According to the department's civilian fire fatality statistics, the number of fire-related death cases in Los Angeles is increasing.
Last year, there were 20 fire-related deaths and there were 22 deaths in 2012. The department recorded 21 deaths in 2011 and 23 deaths in 2010.
Officials say the fatalities reported this month had one thing in common: no smoke detectors.
"We have to be more proactive," Moore said.
The LAFD's safety campaign will probably include reminders for residents to install the devices, public service announcements and partnerships with safety nonprofits. The department also plans to reach out to smoke detector companies for donations.
But the Fire Department can do only so much, LAFD Battalion Chief Stephen Ruda said, and residents need to take responsibility.
"We can talk and we can write so much, but people have to act," Ruda said. "Maybe it's the apathy of the people: 'It won't happen to me.' "
"Ruda and Moore were at the scene Tuesday at a one-story home in the 2300 block of South Orange Drive in the Mid-City area. Damian Young, 37, died; his mother and elderly aunt suffered possible smoke inhalation.
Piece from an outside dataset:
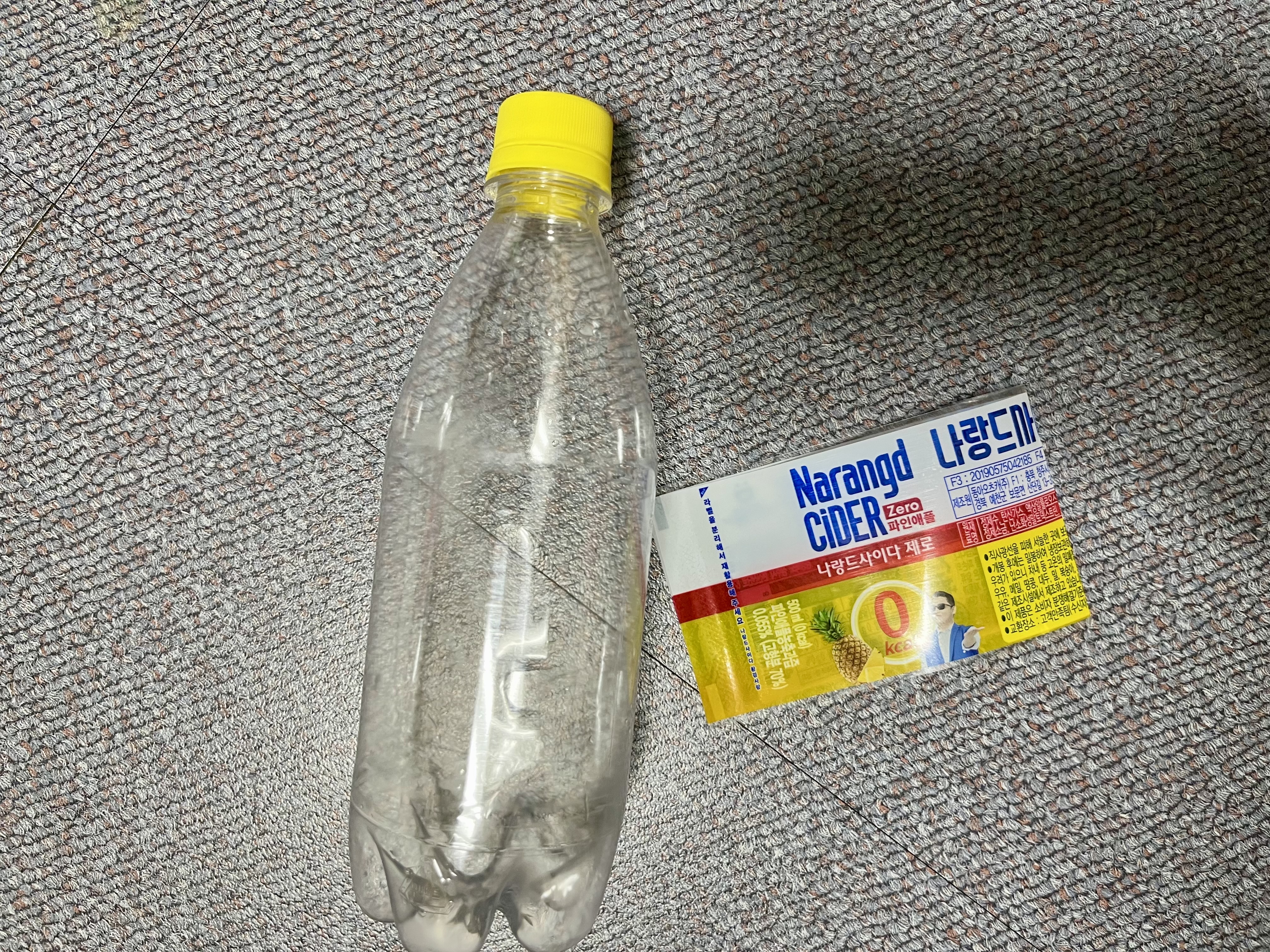 페트병에 남은 내용물을 비우고 물로 헹궈낸 후 라벨은 완전히 제거했어요. 페트병은 찌그러뜨려 부피를 줄이고 투명한 페트병끼리 모아서 배출했어요.

It was not immediately clear what sparked the 5:36 a.m. blaze, which was mostly contained to one bedroom.
Young often used candles and incense in his room, fire officials said.
"It's devastating," said neighbor Tanisha Martin, 39, who knew Young and his family.
Martin described Young as an immaculate dresser who worked in sales at the Macy's in the Beverly Center for many years. She and Young's mother were childhood friends.
"He loved his mother tremendously," Martin said.
Martin said firefighters gave her two carbon monoxide detectors after they learned that her home did not have any smoke or carbon monoxide detectors. She said she plans to buy smoke detectors.
"I hope this creates awareness," Martin said. "A beautiful young man is no longer with us because of the tragic error of not having a smoke detector."
The seven deaths in January include a family — parents and two children — who were killed in a fire at a converted barn in Sylmar.
Ruda said two of the fatal fires occurred at homes with "pack rat" conditions, including the death of a 61-year-old man who was killed in a garage fire in Winnetka.